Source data
···

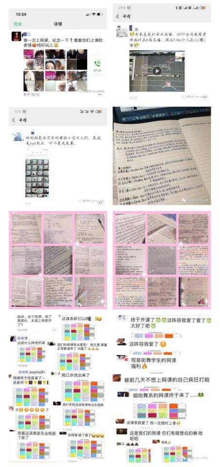 同学们参与线上学习的积极性普遍很高。老师通过播放视频、提问互动以及PPT演示,让同学们很容易吸收课程内容。在实操方面,老师在线指导学生的舞蹈动作和声音,能让大家相互学习取长补短。同时网课视频录屏回放,则让学生们能在课后更好地回课和消化吸收。也有很多同学认为,线上直播课堂能让自己更加专注学习,学生不仅可以通过发消息的形式与老师进行及时互动,得到老师的解答,还可以在线查阅资料、查收文件,很多同学非常喜欢这种网上授课方式。更重要的是,在疫情期间不能回到想念已久的学校的特殊日子里,网络课程的到来,让学生们不用再担心松懈了专业,重拾了学习的快乐与充实。
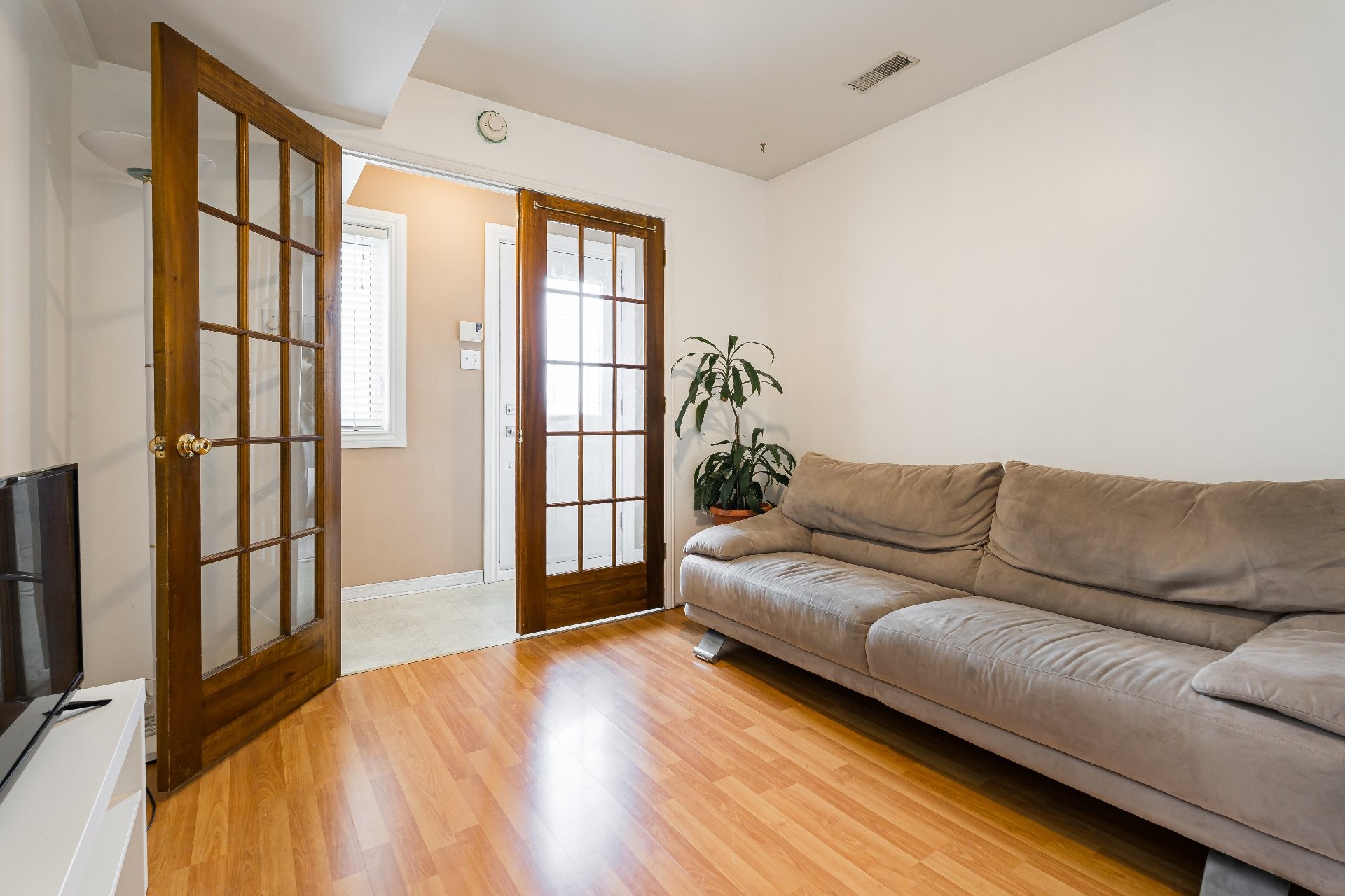 Back at the entrance level, to the right, you'll find the fully integrated family suite along with access to the single-car garage. The suite is perfect for extended family or guests, and includes a bright living room, a well-equipped kitchen, a bedroom, a full bathroom, and direct patio access to the backyard for added independence and convenience.
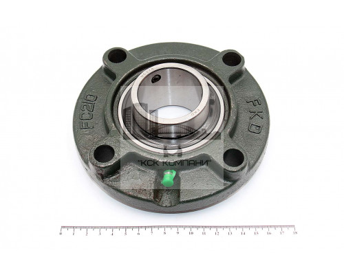 Подшипник имеет отверстия и канавку для смазки, корпус комплектуется пресс-маслёнкой. Направление воспринимаемых нагрузок - радиальное и осевое в обе стороны. Монтаж на валу удобен и прост. Установлен в корпус FC фланцевого типа..
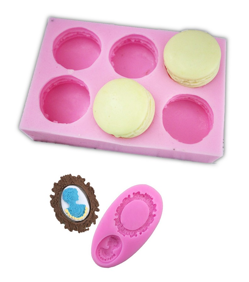 2個セット シリコンモールド 型 マカロン と チョコレート ( 肖像 と フレーム ) 手作り 石鹸 シリコン モールド 型 細工道具 8本付
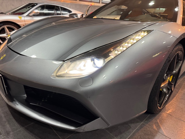 平成28年(2016年)フェラーリ 488GTB ディーラー車 事故歴無し グリジオチタニオメタリック LED付きカーボンファイバー製ドライバーゾーン
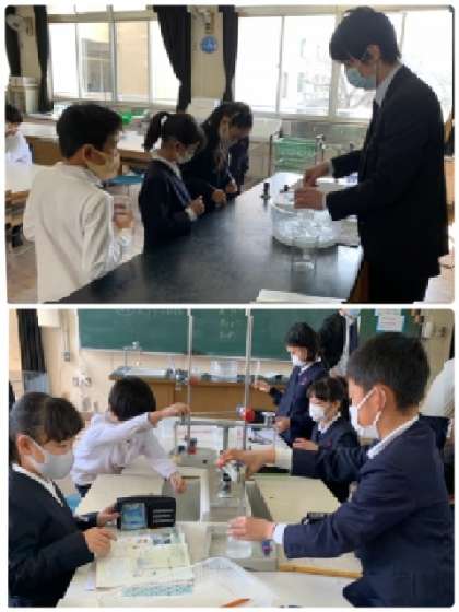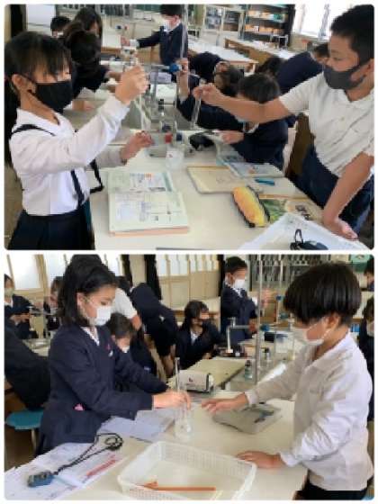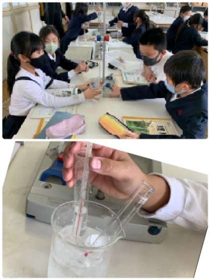4年生の理科の授業の様子です。2分割の人数で時間を分けて実験をしました。今日の実験は、「水を冷やした時の変化」について調べました。氷水を入れたビーカーに、水を入れた試験管を入れます。2分ごとに、水の温度と水の様子を調べて、実験ノートに記入していきました。
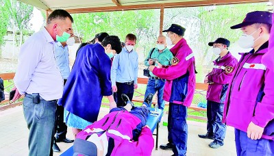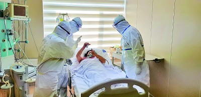 中国抗疫医疗专家组8月10日在阿塞拜疆进行调研交流,与阿方同行进行业务交流,并介绍中国在新冠肺炎救治方面的成熟做法。图为中国抗疫医疗专家与新冠肺炎患者交流。新华社发
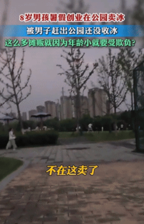 安徽的8岁男孩就遇到了这样的事,暑假里,他跟父母商量后,想用自己攒的零花钱“创业”,便进了些冰棍到公园售卖,他选了个热闹的角落摆好摊,可没一会儿,一个戴红袖章的男子走了过来,语气生硬地让他离开。
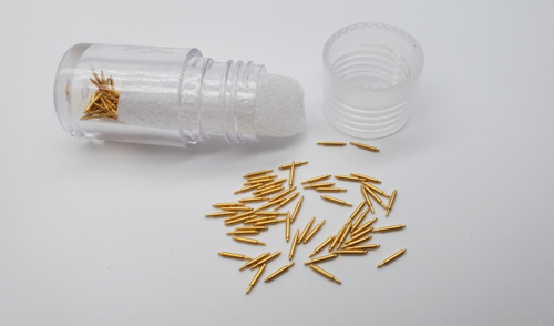 隨著社會的不斷科技化,人們的生活水平也不斷的提高,手機、電腦、汽車、智能手表等也不斷的普及,對探針的需求也越來越大! 探針是電測試的接觸媒介,為高端精密型電子五金元器件。它在各個領域都有應用,例如在醫(yī)療、航空航天、生物、計算機等領域都有的應用。而不同型號的探針,所用的材質及價格也會不同。探針的材質主要有鈹銅、磷銅、黃銅、SK4、等,今天主要給大家講解一下探針表面為什么要進行鍍金處理? 簡單來說,鍍金就是為了防止銅生銹,生銹之后產(chǎn)生的銅綠會增加電阻,探針的穩(wěn)定性及使用功能也會受到影響。 一、鍍金的好處: 1.鍍金層延展性好、易拋光、耐高溫,具有很好的抗變色性能。在銀層上鍍金可以防止銀的變色;金合金鍍層可呈現(xiàn)多種色調,故常用作裝飾性鍍層,如鍍首飾、鐘表零件、藝術品等。 2.鍍金具有較低的接觸電阻、導電性能良好、易于焊接、耐腐蝕性強、并具有一定的耐磨性(指硬金),因而在精密儀器儀表、

···

• [Problem description]: The response has to be an exact copy of all the data, pictures excluded.

• [Task result]:
 同学们参与线上学习的积极性普遍很高。老师通过播放视频、提问互动以及PPT演示,让同学们很容易吸收课程内容。在实操方面,老师在线指导学生的舞蹈动作和声音,能让大家相互学习取长补短。同时网课视频录屏回放,则让学生们能在课后更好地回课和消化吸收。也有很多同学认为,线上直播课堂能让自己更加专注学习,学生不仅可以通过发消息的形式与老师进行及时互动,得到老师的解答,还可以在线查阅资料、查收文件,很多同学非常喜欢这种网上授课方式。更重要的是,在疫情期间不能回到想念已久的学校的特殊日子里,网络课程的到来,让学生们不用再担心松懈了专业,重拾了学习的快乐与充实。
 Back at the entrance level, to the right, you'll find the fully integrated family suite along with access to the single-car garage. The suite is perfect for extended family or guests, and includes a bright living room, a well-equipped kitchen, a bedroom, a full bathroom, and direct patio access to the backyard for added independence and convenience.
 Подшипник имеет отверстия и канавку для смазки, корпус комплектуется пресс-маслёнкой. Направление воспринимаемых нагрузок - радиальное и осевое в обе стороны. Монтаж на валу удобен и прост. Установлен в корпус FC фланцевого типа..
 2個セット シリコンモールド 型 マカロン と チョコレート ( 肖像 と フレーム ) 手作り 石鹸 シリコン モールド 型 細工道具 8本付
 平成28年(2016年)フェラーリ 488GTB ディーラー車 事故歴無し グリジオチタニオメタリック LED付きカーボンファイバー製ドライバーゾーン
4年生の理科の授業の様子です。2分割の人数で時間を分けて実験をしました。今日の実験は、「水を冷やした時の変化」について調べました。氷水を入れたビーカーに、水を入れた試験管を入れます。2分ごとに、水の温度と水の様子を調べて、実験ノートに記入していきました。
 中国抗疫医疗专家组8月10日在阿塞拜疆进行调研交流,与阿方同行进行业务交流,并介绍中国在新冠肺炎救治方面的成熟做法。图为中国抗疫医疗专家与新冠肺炎患者交流。新华社发
 安徽的8岁男孩就遇到了这样的事,暑假里,他跟父母商量后,想用自己攒的零花钱“创业”,便进了些冰棍到公园售卖,他选了个热闹的角落摆好摊,可没一会儿,一个戴红袖章的男子走了过来,语气生硬地让他离开。
 隨著社會的不斷科技化,人們的生活水平也不斷的提高,手機、電腦、汽車、智能手表等也不斷的普及,對探針的需求也越來越大! 探針是電測試的接觸媒介,為高端精密型電子五金元器件。它在各個領域都有應用,例如在醫(yī)療、航空航天、生物、計算機等領域都有的應用。而不同型號的探針,所用的材質及價格也會不同。探針的材質主要有鈹銅、磷銅、黃銅、SK4、等,今天主要給大家講解一下探針表面為什么要進行鍍金處理? 簡單來說,鍍金就是為了防止銅生銹,生銹之后產(chǎn)生的銅綠會增加電阻,探針的穩(wěn)定性及使用功能也會受到影響。 一、鍍金的好處: 1.鍍金層延展性好、易拋光、耐高溫,具有很好的抗變色性能。在銀層上鍍金可以防止銀的變色;金合金鍍層可呈現(xiàn)多種色調,故常用作裝飾性鍍層,如鍍首飾、鐘表零件、藝術品等。 2.鍍金具有較低的接觸電阻、導電性能良好、易于焊接、耐腐蝕性強、并具有一定的耐磨性(指硬金),因而在精密儀器儀表、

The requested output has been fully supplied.